Give the data again exactly as written, skipping any pictures.

Stored dataset items:
BEGIN

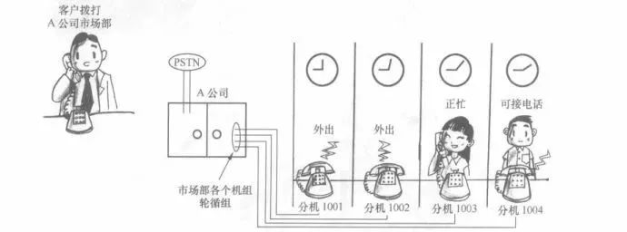 若干個(gè)分機(jī)形成一個(gè)組,當(dāng)一個(gè)電話呼叫其中分機(jī)的時(shí)候,該分機(jī)占線,PBX自動(dòng)轉(zhuǎn)到下一個(gè)分機(jī),若在占線,繼續(xù)轉(zhuǎn)到下一個(gè)分機(jī)去,直到某個(gè)分機(jī)接聽,或者所有分機(jī)占線。
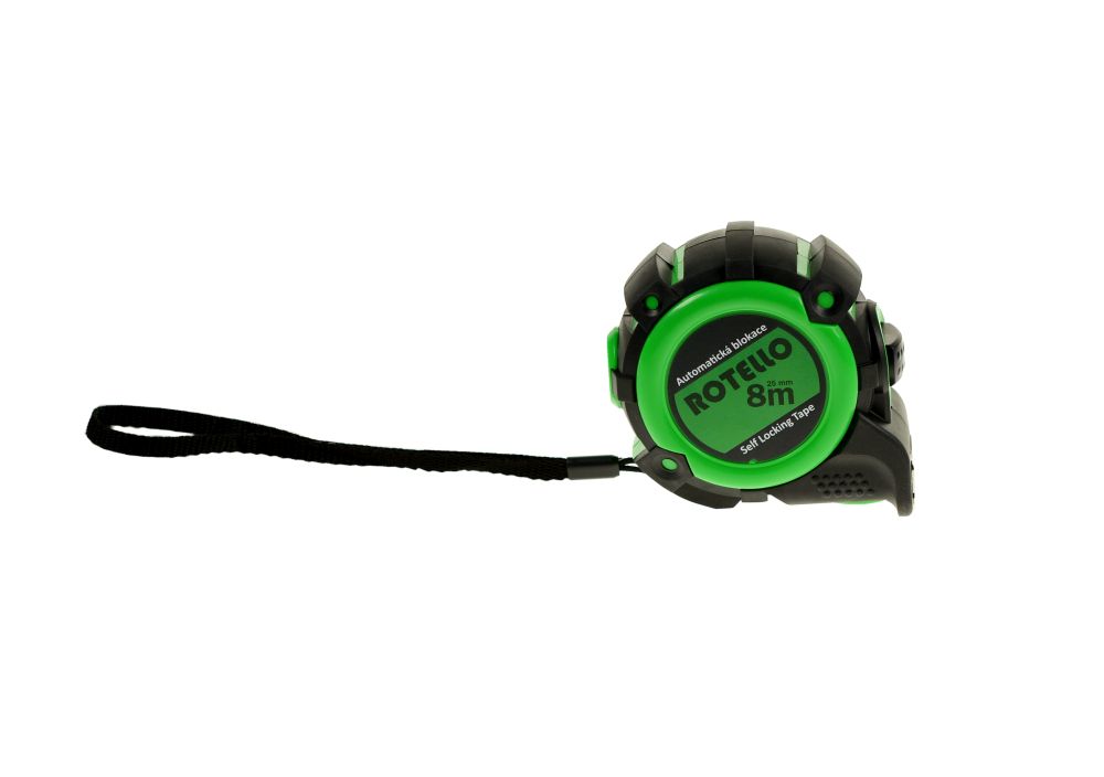 Svinovací metr v ergonomickém tvaru s automatickou blokací při vysouvání a klipem na opasek. Metr má certifikaci přesnosti EG II. Rozměry: 10 × 8 cm.
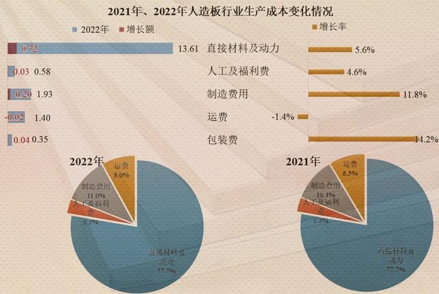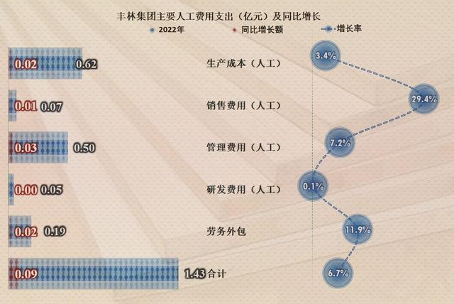 我们前面已经说过,丰林集团人造板的产量上升了6.9%,其生产成本总体上升5.8%,略低于产量的增长。分类构成中,制造费用和包装费的增长超过产量增长;材料、动力和人工费低于营收增长,运费有所下降。应该说,他们的成本控制还是努力了的,主要还是受到市场的影响。
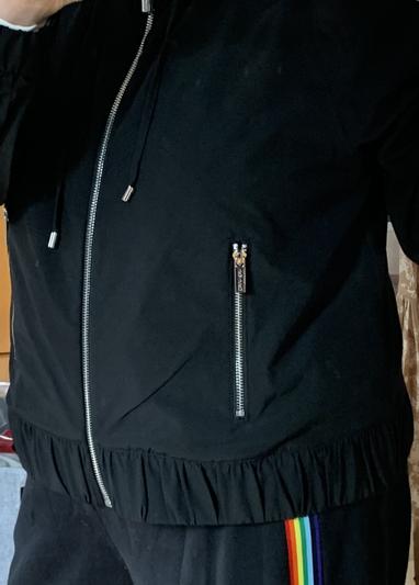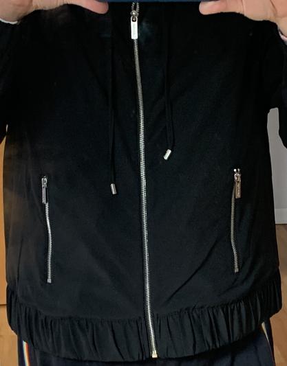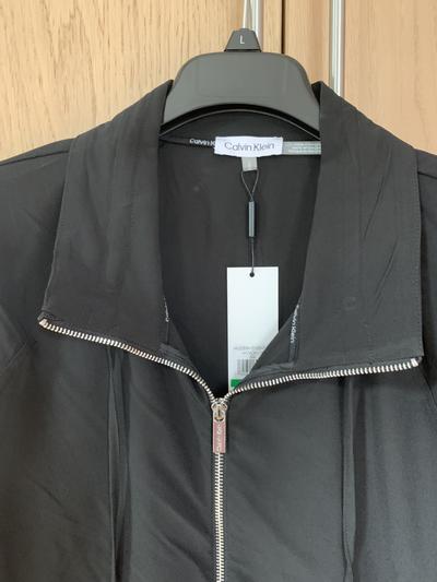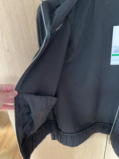 I have several CK athletic jackets in the same size as this but this one just fits odd. The sleeves hit above my wrist and it sits well above my waist, however the large elastic band at the bottom is so wide that it almost feels as if it is stretched out. If it weren’t for the weird fit it would be nice. The fabric and the metal accents dress it up a bit, but the fit just ruins this for me..
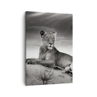 Vászonkép - Fekete-fehér portré egy oroszlánról a szavannán - 70x50cm - A sivatagi királynő pihenése - Modern fali dekoráció nappalihoz és hálószobához ARTTOR
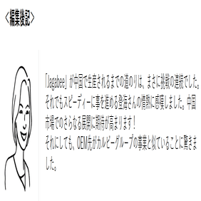 「Jagabee」が中国市場でどのように成長していくのか、今後の展開に期待が寄せられます。
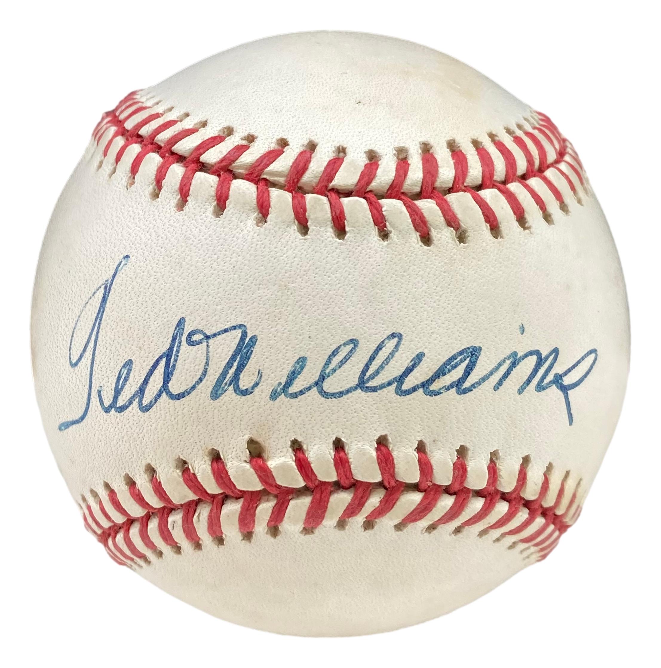 Rawlings Official American League baseball. Hand-signed by Ted Williams (D. 2002, Boston Red Sox, HOF). Please note, the baseball is naturally toned.
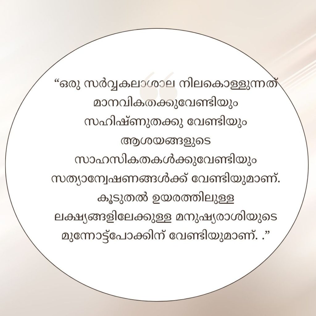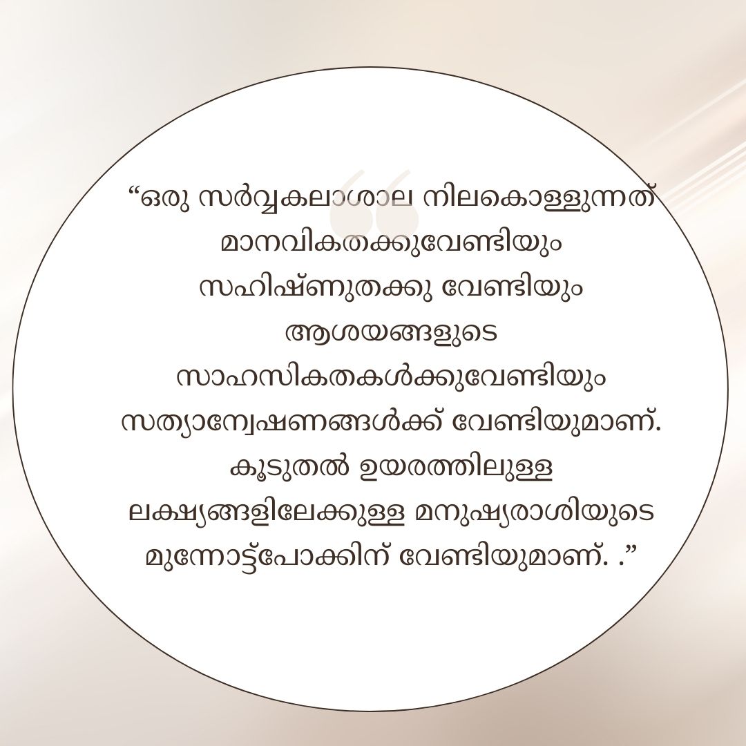 ഒരു സര്വ്വകലാശാല നിലകൊള്ളുന്നത് മാനവികതക്കുവേണ്ടിയും സഹിഷ്ണുതക്കു വേണ്ടിയും ആശയങ്ങളുടെ സാഹസികതകള്ക്കുവേണ്ടിയും സത്യാന്വേഷണങ്ങള്ക്ക് വേണ്ടിയുമാണ്. കൂടുതല് ഉയരത്തിലുള്ള ലക്ഷ്യങ്ങളിലേക്കുള്ള മനുഷ്യരാശിയുടെ മുന്നോട്ട്പോക്കിന് വേണ്ടിയുമാണ്. സര്വകലാശാലകള് അവരുടെ കടമകള് കൃത്യമായി നിര്വഹിക്കുകയാണെങ്കില് രാജ്യവും ജനതയും സംതൃപ്തരായിരിക്കും. (നെഹ്റു)

END

**Reply**
 若干個(gè)分機(jī)形成一個(gè)組,當(dāng)一個(gè)電話呼叫其中分機(jī)的時(shí)候,該分機(jī)占線,PBX自動(dòng)轉(zhuǎn)到下一個(gè)分機(jī),若在占線,繼續(xù)轉(zhuǎn)到下一個(gè)分機(jī)去,直到某個(gè)分機(jī)接聽,或者所有分機(jī)占線。
 Svinovací metr v ergonomickém tvaru s automatickou blokací při vysouvání a klipem na opasek. Metr má certifikaci přesnosti EG II. Rozměry: 10 × 8 cm.
 我们前面已经说过,丰林集团人造板的产量上升了6.9%,其生产成本总体上升5.8%,略低于产量的增长。分类构成中,制造费用和包装费的增长超过产量增长;材料、动力和人工费低于营收增长,运费有所下降。应该说,他们的成本控制还是努力了的,主要还是受到市场的影响。
 I have several CK athletic jackets in the same size as this but this one just fits odd. The sleeves hit above my wrist and it sits well above my waist, however the large elastic band at the bottom is so wide that it almost feels as if it is stretched out. If it weren’t for the weird fit it would be nice. The fabric and the metal accents dress it up a bit, but the fit just ruins this for me..
 Vászonkép - Fekete-fehér portré egy oroszlánról a szavannán - 70x50cm - A sivatagi királynő pihenése - Modern fali dekoráció nappalihoz és hálószobához ARTTOR
 「Jagabee」が中国市場でどのように成長していくのか、今後の展開に期待が寄せられます。
 Rawlings Official American League baseball. Hand-signed by Ted Williams (D. 2002, Boston Red Sox, HOF). Please note, the baseball is naturally toned.
 ഒരു സര്വ്വകലാശാല നിലകൊള്ളുന്നത് മാനവികതക്കുവേണ്ടിയും സഹിഷ്ണുതക്കു വേണ്ടിയും ആശയങ്ങളുടെ സാഹസികതകള്ക്കുവേണ്ടിയും സത്യാന്വേഷണങ്ങള്ക്ക് വേണ്ടിയുമാണ്. കൂടുതല് ഉയരത്തിലുള്ള ലക്ഷ്യങ്ങളിലേക്കുള്ള മനുഷ്യരാശിയുടെ മുന്നോട്ട്പോക്കിന് വേണ്ടിയുമാണ്. സര്വകലാശാലകള് അവരുടെ കടമകള് കൃത്യമായി നിര്വഹിക്കുകയാണെങ്കില് രാജ്യവും ജനതയും സംതൃപ്തരായിരിക്കും. (നെഹ്റു)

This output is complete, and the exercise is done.